[TASK TO CARRY OUT]: Begin at the line containing "Prêt (vert), le" in the entries below and end at the line containing "Radschrauben V4 Umdrehung"; transcribe that range exactly and nothing outside it.

[DATASET RECORDS]:
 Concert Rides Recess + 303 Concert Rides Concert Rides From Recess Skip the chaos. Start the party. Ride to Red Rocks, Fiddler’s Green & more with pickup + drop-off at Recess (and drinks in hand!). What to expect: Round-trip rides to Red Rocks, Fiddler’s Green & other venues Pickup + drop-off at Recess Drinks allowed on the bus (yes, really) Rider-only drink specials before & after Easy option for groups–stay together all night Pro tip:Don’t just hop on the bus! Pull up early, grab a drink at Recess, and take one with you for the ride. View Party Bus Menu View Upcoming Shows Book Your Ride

==

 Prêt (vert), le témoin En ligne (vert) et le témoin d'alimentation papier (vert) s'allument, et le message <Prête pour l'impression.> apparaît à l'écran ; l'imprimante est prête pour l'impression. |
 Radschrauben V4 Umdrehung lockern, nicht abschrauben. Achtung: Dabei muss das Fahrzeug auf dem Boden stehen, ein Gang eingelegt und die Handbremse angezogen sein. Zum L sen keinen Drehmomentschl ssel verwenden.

[FINISHED TASK]:
 Prêt (vert), le témoin En ligne (vert) et le témoin d'alimentation papier (vert) s'allument, et le message <Prête pour l'impression.> apparaît à l'écran ; l'imprimante est prête pour l'impression. |
 Radschrauben V4 Umdrehung lockern, nicht abschrauben. Achtung: Dabei muss das Fahrzeug auf dem Boden stehen, ein Gang eingelegt und die Handbremse angezogen sein. Zum L sen keinen Drehmomentschl ssel verwenden.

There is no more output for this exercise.